= Beginning of Section =

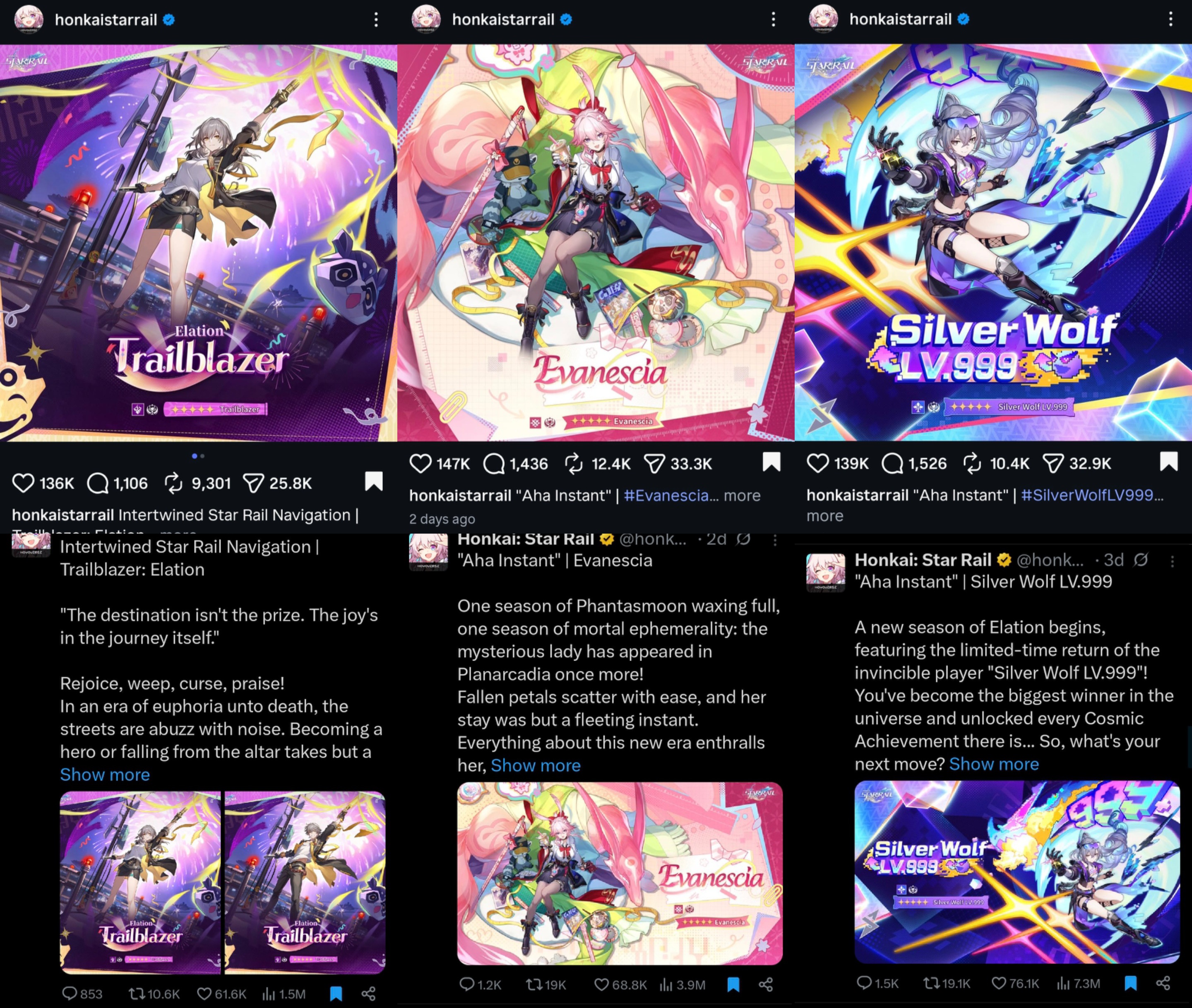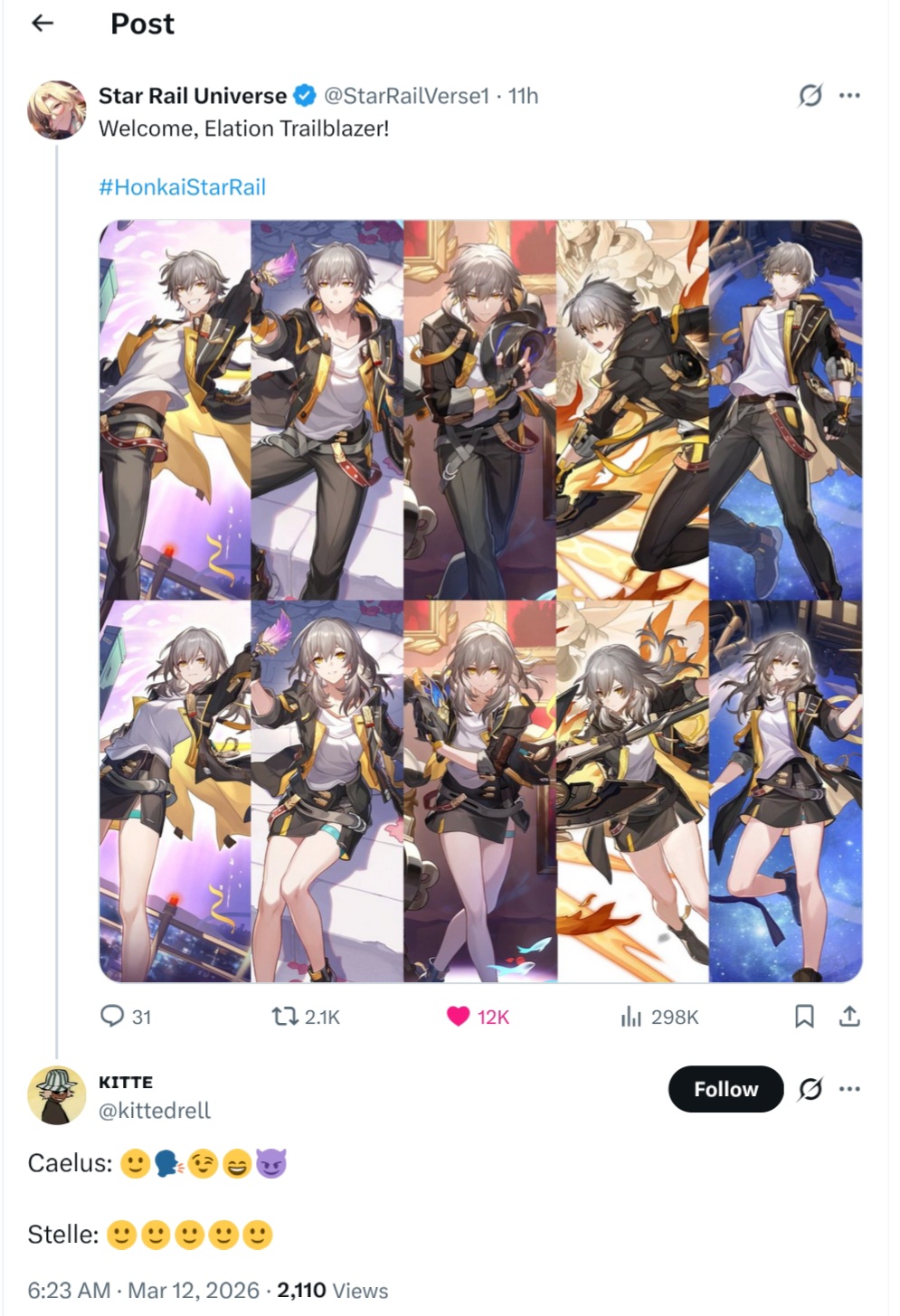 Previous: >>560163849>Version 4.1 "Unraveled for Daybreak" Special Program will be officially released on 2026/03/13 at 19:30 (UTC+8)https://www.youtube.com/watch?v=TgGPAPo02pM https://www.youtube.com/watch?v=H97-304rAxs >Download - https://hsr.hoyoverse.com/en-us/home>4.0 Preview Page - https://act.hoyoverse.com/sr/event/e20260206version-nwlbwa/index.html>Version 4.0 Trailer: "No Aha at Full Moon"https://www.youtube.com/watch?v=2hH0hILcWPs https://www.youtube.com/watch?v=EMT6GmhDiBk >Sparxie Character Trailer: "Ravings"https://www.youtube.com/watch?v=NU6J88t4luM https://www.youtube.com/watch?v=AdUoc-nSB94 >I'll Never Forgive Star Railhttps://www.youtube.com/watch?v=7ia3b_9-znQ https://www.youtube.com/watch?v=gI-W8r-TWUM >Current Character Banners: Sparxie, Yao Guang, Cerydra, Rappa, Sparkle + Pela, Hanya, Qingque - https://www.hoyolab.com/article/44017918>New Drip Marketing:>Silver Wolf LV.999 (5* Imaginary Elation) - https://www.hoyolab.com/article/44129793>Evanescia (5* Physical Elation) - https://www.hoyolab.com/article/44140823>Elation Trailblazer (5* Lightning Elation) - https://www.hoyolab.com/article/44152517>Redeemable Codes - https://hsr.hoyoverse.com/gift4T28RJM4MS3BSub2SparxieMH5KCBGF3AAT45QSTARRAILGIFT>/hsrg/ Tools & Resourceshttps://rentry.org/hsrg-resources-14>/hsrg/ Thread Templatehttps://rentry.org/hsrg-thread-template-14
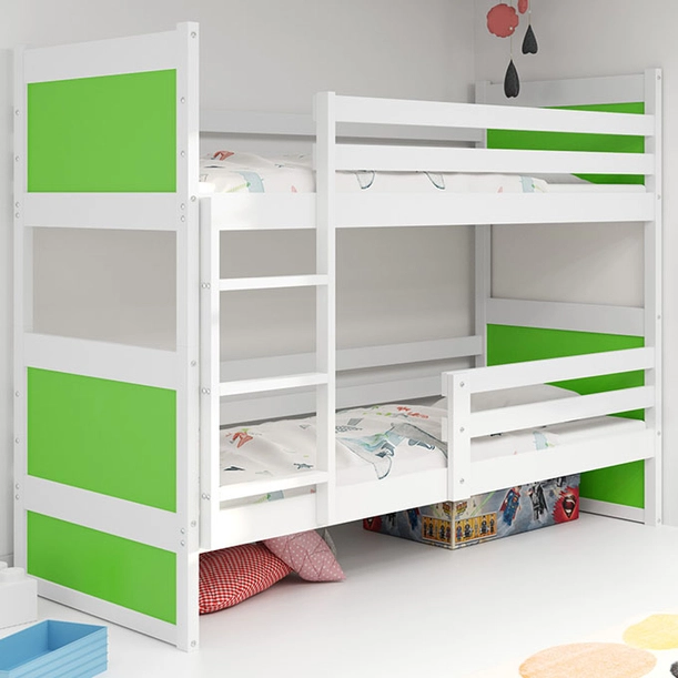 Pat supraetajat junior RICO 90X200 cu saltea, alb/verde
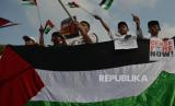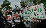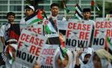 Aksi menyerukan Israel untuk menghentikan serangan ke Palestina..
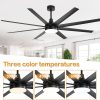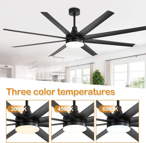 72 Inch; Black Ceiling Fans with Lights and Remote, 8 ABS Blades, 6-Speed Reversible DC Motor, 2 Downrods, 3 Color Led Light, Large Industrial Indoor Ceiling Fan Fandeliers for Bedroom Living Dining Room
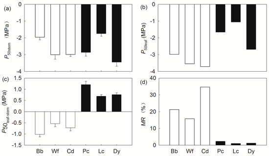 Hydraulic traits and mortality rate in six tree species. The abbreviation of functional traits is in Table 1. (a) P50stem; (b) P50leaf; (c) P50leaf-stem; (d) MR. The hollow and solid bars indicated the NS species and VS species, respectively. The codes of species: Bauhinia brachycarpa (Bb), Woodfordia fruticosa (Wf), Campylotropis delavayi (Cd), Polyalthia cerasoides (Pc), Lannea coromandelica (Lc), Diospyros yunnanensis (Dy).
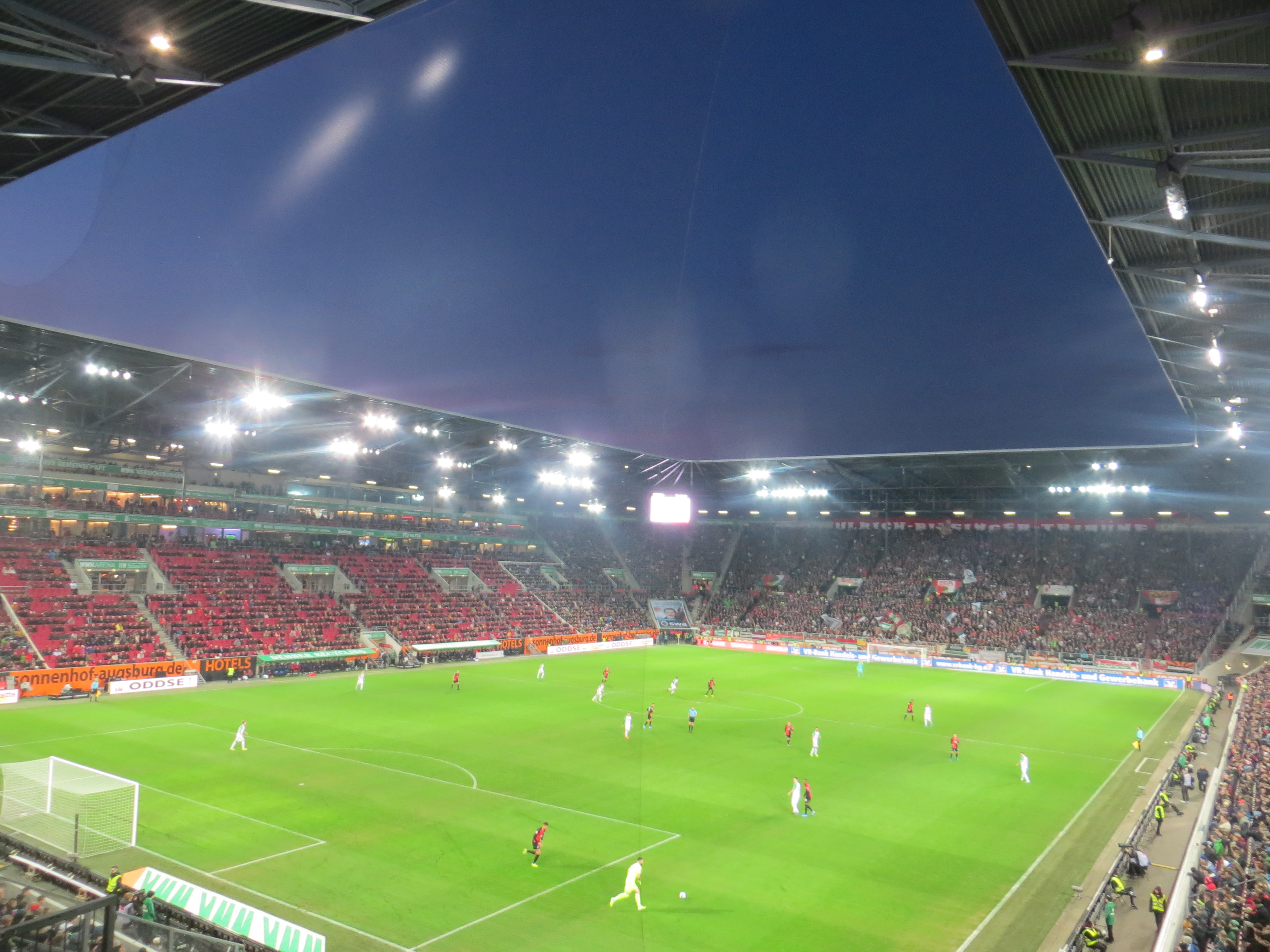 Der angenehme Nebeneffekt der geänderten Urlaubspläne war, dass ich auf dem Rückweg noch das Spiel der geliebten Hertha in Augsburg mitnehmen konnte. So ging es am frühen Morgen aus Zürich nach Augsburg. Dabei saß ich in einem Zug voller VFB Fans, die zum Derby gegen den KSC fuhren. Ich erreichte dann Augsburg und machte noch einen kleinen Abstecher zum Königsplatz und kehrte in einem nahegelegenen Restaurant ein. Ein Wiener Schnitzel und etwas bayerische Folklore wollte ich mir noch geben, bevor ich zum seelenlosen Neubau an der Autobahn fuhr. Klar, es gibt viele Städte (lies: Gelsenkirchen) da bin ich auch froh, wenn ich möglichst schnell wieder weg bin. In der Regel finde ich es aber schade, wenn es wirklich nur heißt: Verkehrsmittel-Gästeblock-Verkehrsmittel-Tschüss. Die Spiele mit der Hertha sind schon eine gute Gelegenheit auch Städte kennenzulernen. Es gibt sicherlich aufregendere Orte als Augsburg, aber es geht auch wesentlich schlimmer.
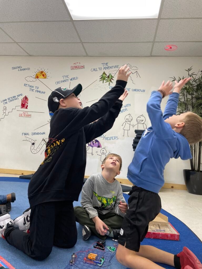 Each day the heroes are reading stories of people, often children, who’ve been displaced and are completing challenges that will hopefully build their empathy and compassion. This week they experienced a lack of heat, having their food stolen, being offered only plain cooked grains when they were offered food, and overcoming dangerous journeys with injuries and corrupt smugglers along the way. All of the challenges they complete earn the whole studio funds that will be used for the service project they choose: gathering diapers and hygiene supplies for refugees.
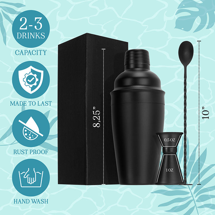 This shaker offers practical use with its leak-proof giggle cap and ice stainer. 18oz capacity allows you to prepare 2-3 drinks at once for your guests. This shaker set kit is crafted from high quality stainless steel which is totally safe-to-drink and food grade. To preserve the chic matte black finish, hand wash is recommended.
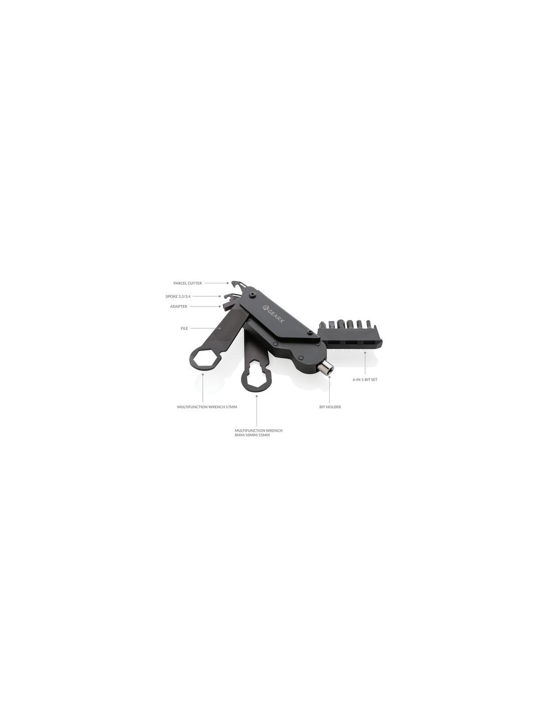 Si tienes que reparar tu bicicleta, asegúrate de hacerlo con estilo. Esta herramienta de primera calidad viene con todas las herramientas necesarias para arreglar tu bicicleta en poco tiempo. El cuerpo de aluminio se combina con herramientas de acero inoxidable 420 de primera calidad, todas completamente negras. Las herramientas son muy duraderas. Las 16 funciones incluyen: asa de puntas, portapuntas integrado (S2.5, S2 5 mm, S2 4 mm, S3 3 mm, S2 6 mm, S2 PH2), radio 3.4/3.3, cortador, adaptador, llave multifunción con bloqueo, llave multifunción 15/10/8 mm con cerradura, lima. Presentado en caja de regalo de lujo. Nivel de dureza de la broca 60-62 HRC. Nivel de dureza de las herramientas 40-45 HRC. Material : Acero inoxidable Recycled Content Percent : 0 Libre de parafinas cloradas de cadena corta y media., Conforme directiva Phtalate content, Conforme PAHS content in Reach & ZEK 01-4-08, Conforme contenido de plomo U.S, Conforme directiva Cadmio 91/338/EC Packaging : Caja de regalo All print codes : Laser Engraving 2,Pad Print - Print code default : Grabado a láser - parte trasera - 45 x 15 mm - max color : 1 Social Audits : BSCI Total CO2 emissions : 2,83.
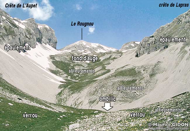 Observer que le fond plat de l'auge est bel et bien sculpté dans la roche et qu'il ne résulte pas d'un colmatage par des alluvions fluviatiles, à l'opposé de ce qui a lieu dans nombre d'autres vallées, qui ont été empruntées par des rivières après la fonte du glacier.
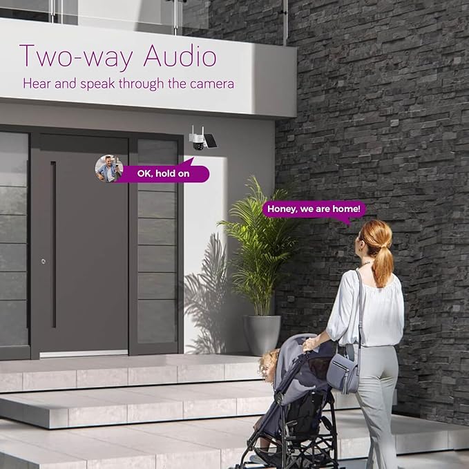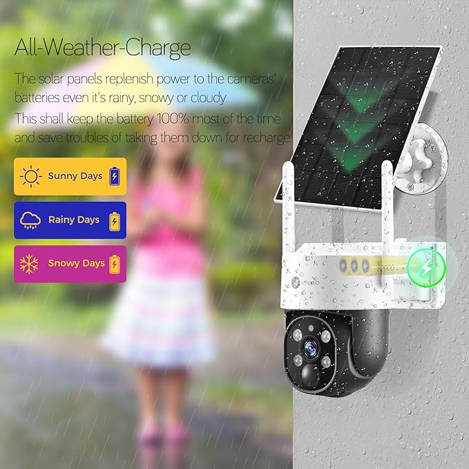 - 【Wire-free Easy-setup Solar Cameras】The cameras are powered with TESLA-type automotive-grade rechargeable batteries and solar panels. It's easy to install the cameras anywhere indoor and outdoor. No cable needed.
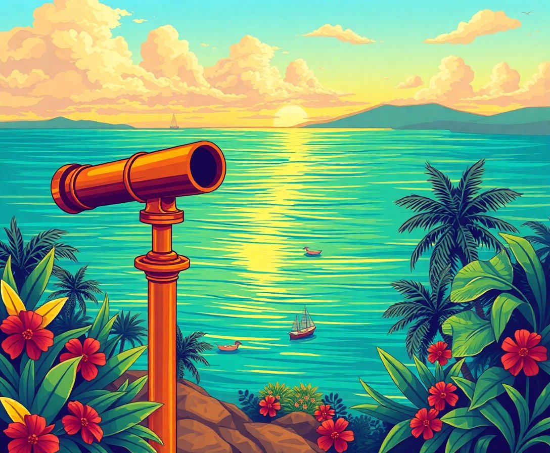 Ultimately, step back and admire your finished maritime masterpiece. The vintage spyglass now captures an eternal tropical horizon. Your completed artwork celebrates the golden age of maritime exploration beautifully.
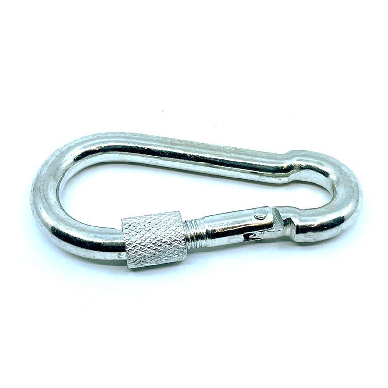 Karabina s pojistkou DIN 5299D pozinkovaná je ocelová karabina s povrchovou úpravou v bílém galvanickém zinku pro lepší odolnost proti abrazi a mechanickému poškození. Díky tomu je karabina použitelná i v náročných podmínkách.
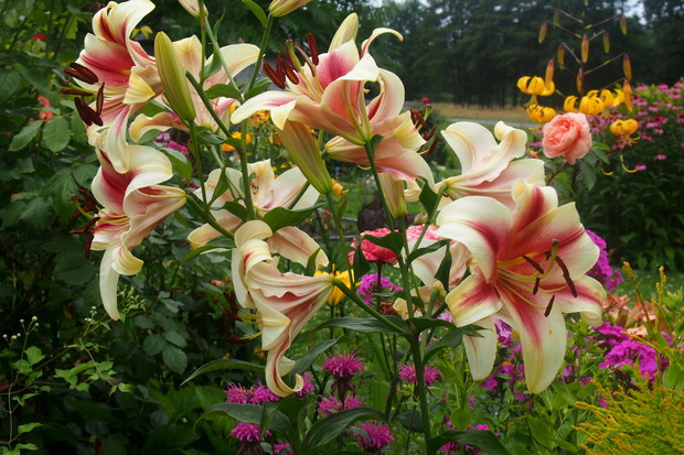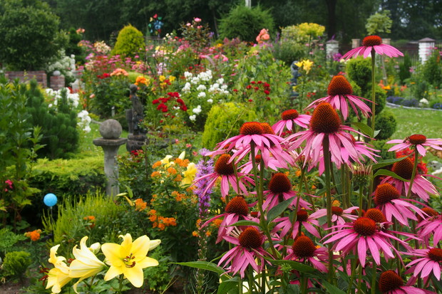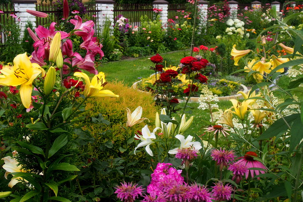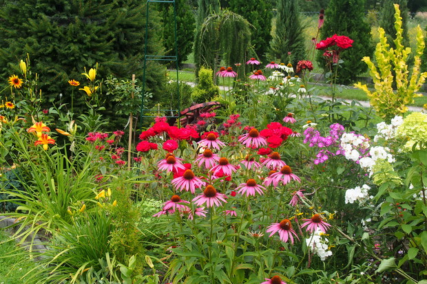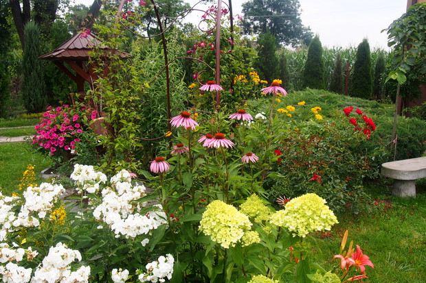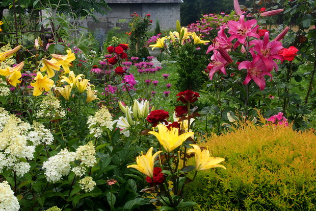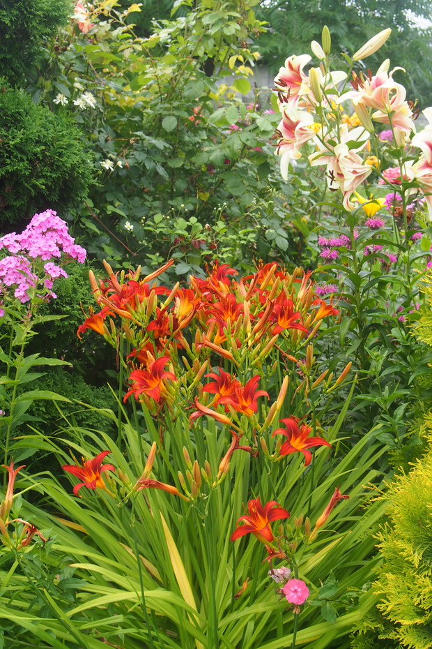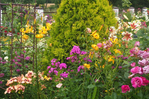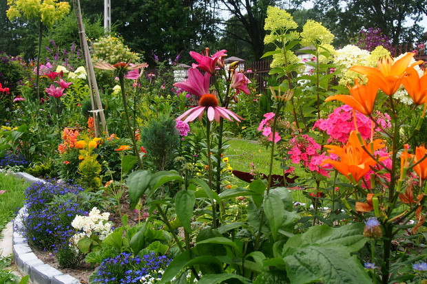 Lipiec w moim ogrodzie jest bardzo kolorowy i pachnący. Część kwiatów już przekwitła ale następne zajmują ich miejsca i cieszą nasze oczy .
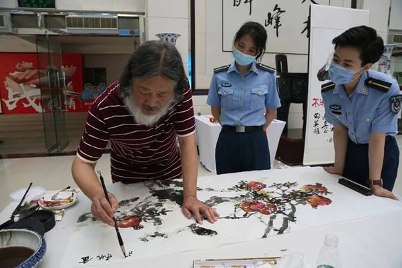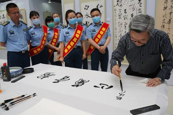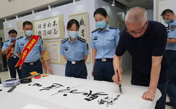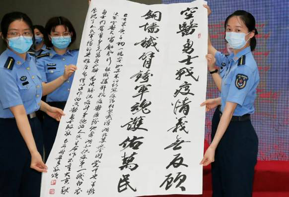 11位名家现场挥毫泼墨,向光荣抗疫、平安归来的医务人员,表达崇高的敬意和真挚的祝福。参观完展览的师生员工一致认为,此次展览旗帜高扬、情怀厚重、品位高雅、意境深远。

= End of Section =

- Problem statement:
Write the lines out again exactly, beginning at the one containing "Lipiec w moim" and ending with the last line of the entries, but without any pictures.

- Solution to the exercise:
 Lipiec w moim ogrodzie jest bardzo kolorowy i pachnący. Część kwiatów już przekwitła ale następne zajmują ich miejsca i cieszą nasze oczy .
 11位名家现场挥毫泼墨,向光荣抗疫、平安归来的医务人员,表达崇高的敬意和真挚的祝福。参观完展览的师生员工一致认为,此次展览旗帜高扬、情怀厚重、品位高雅、意境深远。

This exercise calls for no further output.